A lightweight ffmpeg wrapper to reduce your video collection size (while preserving quality)
Warning
Core functionality works, customization features and logging changes underway. Project in "Beta", feedback on small sample sizes welcome. Refrain from running on large portions of your media until full first release (with PyPI release) 😄
NanoEncoder is for local media nerds who want to save storage space without sacrificing video quality. It provides:
- Batch processing of video directories
- Auto skips already optimized files
- Detailed reporting of space savings
- Safe cleanup of original files (only when you're ready)
- Python 3.13+ (if not installing via
uv
) - FFmpeg installed system-wide
Note
uv allows you to install Python apps without even having Python itself installed.
Check it out here. This is the preferred method for my friends wanting to use the NanoEncoder
# Install latest version
uv tool install git+https://github.com/JoshPaulie/NanoEncoder.git
# Update installation to latest
uv tool upgrade nanoencoder
# Uninstall NanoEncoder
uv tool uninstall nanoencoder
# Verify functionality
nen -h
pipx install git+https://github.com/JoshPaulie/NanoEncoder.git
nen -h
The CLI has 2 commands: optimize
and purge
. Each take a directory to transact against.
Important
When optimizing a series, it's recommended you copy a few episodes to their own folder and experiment with the --crf
flag.
Once you're sure you have a setting you like, you can confidently process the whole thing (assuming they're all of the same quality, like if you downloaded a series from the internet)

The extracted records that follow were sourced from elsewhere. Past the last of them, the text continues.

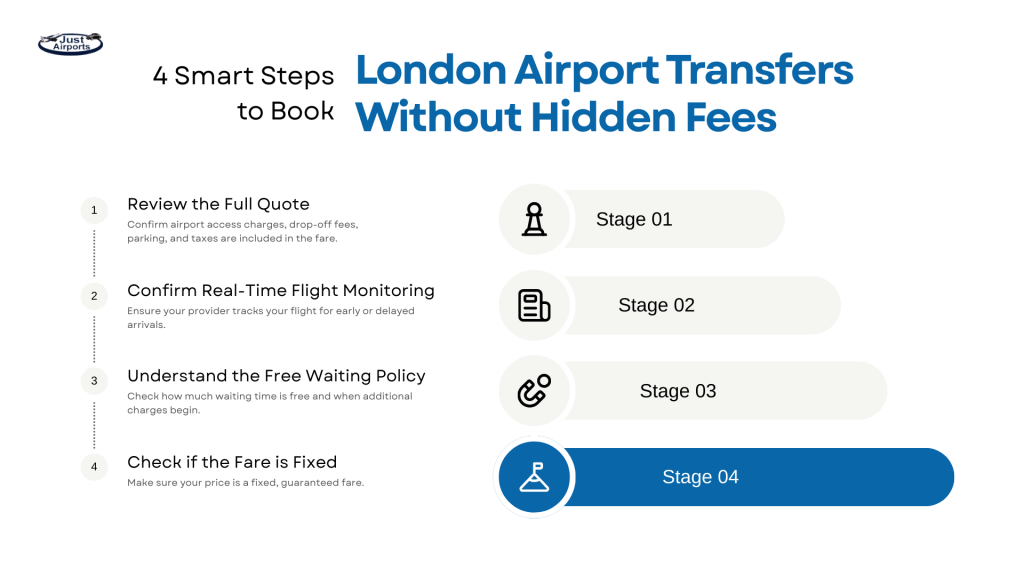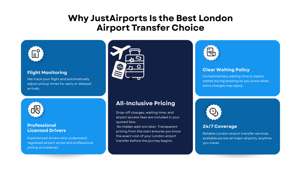 Choosing experienced providers such as JustAirports London ensures airport charges, waiting policies, and pricing structures are clearly confirmed before travel.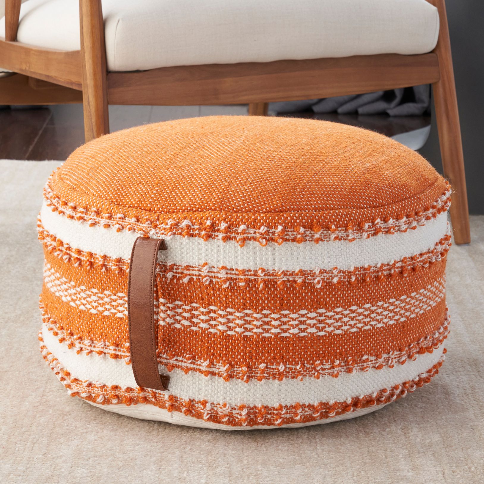 Itzel Orange White Stripes Indoor/Outdoor Round Pouf Ottoman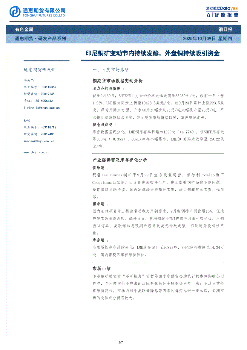 通惠期货-铜日报:印尼铜矿变动节内持续发酵,外盘铜持续吸引资金-251009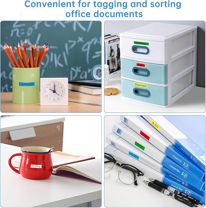 - Color: Black on Clear/White/Red/Blue/Yellow/Green; Size: 3/8 inch(9mm) x 26.2 feet(8m)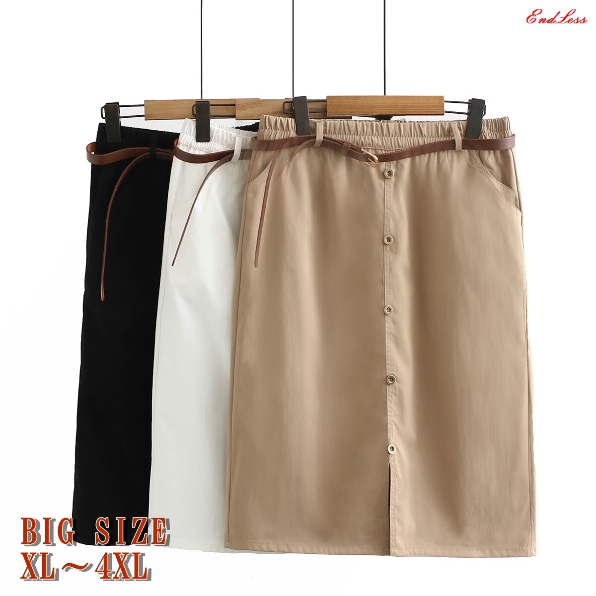 【 XL 〜 4XL 】 大きいサイズ レディース ゆったり ウエスト ベルト ボタン カジュアル 夏 サマー スカート 4l 3l 2l 223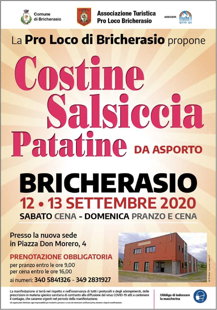 La Pro Loco di Bricherasio propone per la sera di sabato 12 presso la propria sede di Piazza Don Morero 4 una cena da asporto (previa prenotazione telefonica ai numeri 340/5841326 e 349/2831927) a base di costine, salsiccia e patatine. Domenica 13 settembre la distribuzione comincia a pranzo e si deve prenotare il pasto entro le ore 9 mentre per le cene del weekend si accettano prenotazioni fino alle ore 16.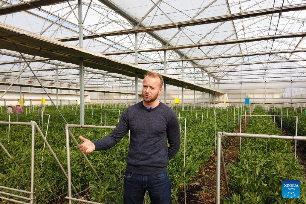 Tim Scalongne is interviewed at the greenhouse of the Kunming Hasfarm Flowers company in Kunming, southwest China's Yunnan Province, March 25, 2022.(Xinhua/Zhao Cailin)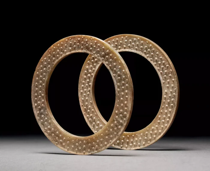 A PAIR OF WHITE JADE 'MILLET' RINGS, HUAN Warring States Period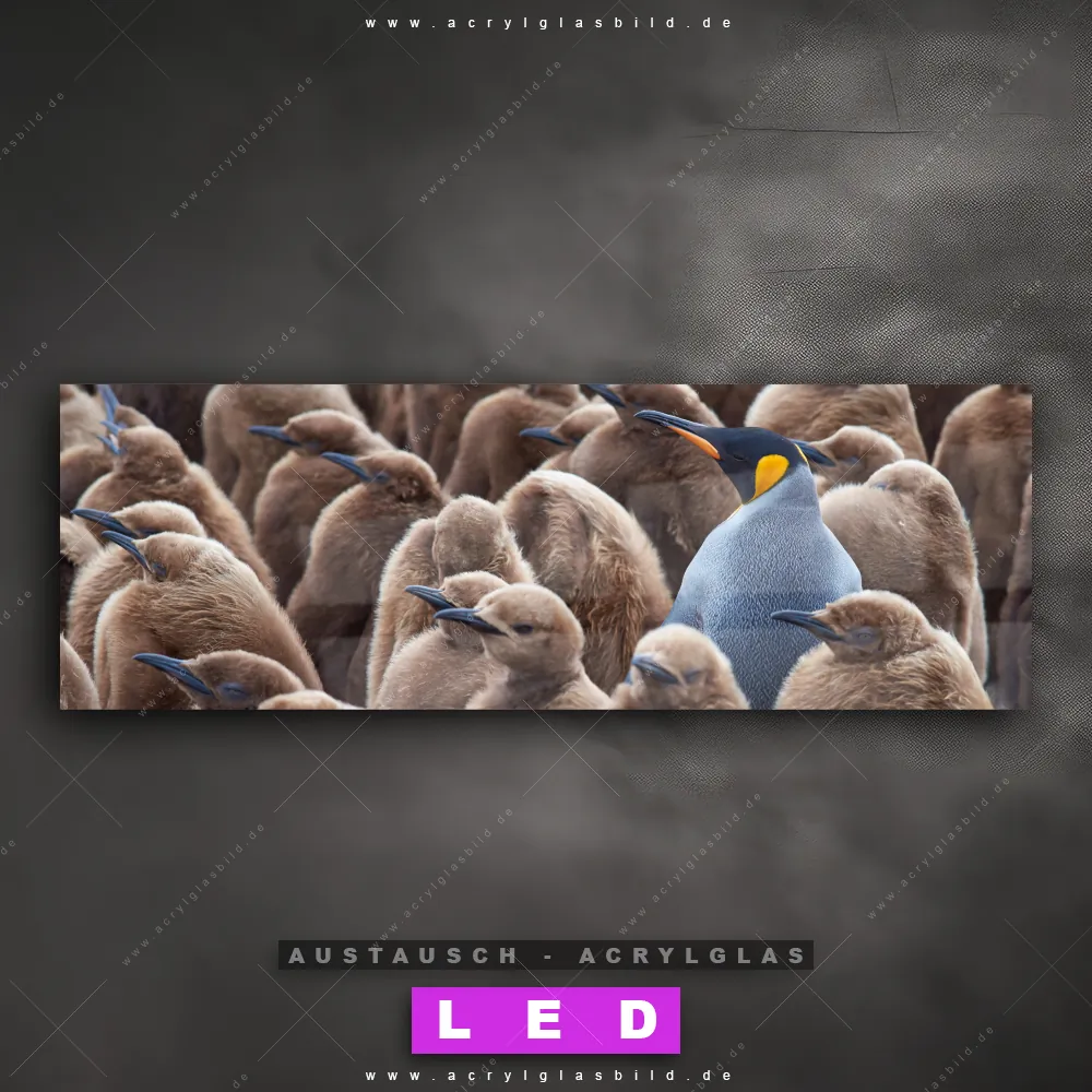 Begriffe wie Vogel, Pinguin, Wasser, Eis, Königspinguine, Pinguinbabys, Kücken haben dich auf der Suche nach deinem neuen Austausch-Acrylglasbild inspiriert? Dann sollte das Wechsel-Acrylglasbild Nachwuchs Pinguine für dein bereits vorhandenes LED Acrylglasbild Canvalight® DIA den Weg zu dir finden.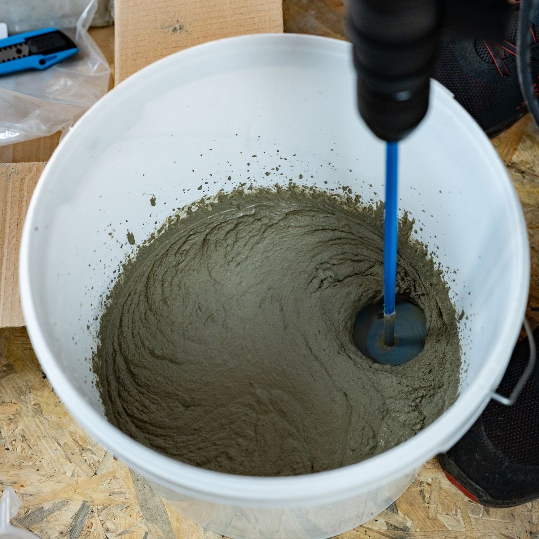 Wichtig: immer zuerst das Wasser einfüllen, anschließend den Mörtel zugeben und genau 2 Minuten mischen.

nen optimize '/media/series/The Office (US)' # Recursively find all videos and begin re-encoding
nen purge '/media/series/The Office (US)' # Recursively remove original files
nen optimize --crf 28 '/media/series/Berserk (1997)' # Re-encode at specified CRF (Default is 23)
optimize
is used to re-encode entire directories into HEVC. Files are found recursively, meaning all video files (regardless if they're nested in other directories) are found and processed.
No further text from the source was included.